About this exercise:
Retype the data that follows line by line, exactly, and leave its pictures out.

Material provided:
* * * * * * * * *
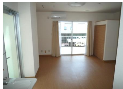
居室 A タイプ
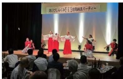
あいづしくみ蔵の会・皐月会・親和会 ◆7月10日(木) 納涼パーティー
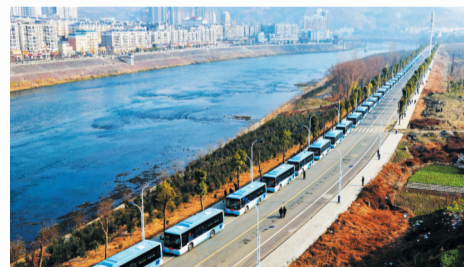
行 竹山城关至擂鼓公交线路开通

人民群众满意度显著提升。稳就业，城镇调查失业率控制在2.93%。社会保险待遇稳步提高，综合参保率达99%以上。城乡低保、特困人员供养、高龄补贴、残疾人补贴等政策全面落实，有效解决农村“三留守”问题。大力发展教育，全县义务教育阶段入学率达100%，竹山一中、县职业技术学校集团学校建成省级示范学校。卫生健康事业长足发展，县医共体建设稳步推进，迁建县妇幼保健院、县中医医院，稳步推进县人民医院内科医技楼及附属工程建设项目。大力发展文化事业，秦巴文化艺术中心投入使用。
* * * * * * * * *
Response:
居室 A タイプ
あいづしくみ蔵の会・皐月会・親和会 ◆7月10日(木) 納涼パーティー
行 竹山城关至擂鼓公交线路开通

人民群众满意度显著提升。稳就业，城镇调查失业率控制在2.93%。社会保险待遇稳步提高，综合参保率达99%以上。城乡低保、特困人员供养、高龄补贴、残疾人补贴等政策全面落实，有效解决农村“三留守”问题。大力发展教育，全县义务教育阶段入学率达100%，竹山一中、县职业技术学校集团学校建成省级示范学校。卫生健康事业长足发展，县医共体建设稳步推进，迁建县妇幼保健院、县中医医院，稳步推进县人民医院内科医技楼及附属工程建设项目。大力发展文化事业，秦巴文化艺术中心投入使用。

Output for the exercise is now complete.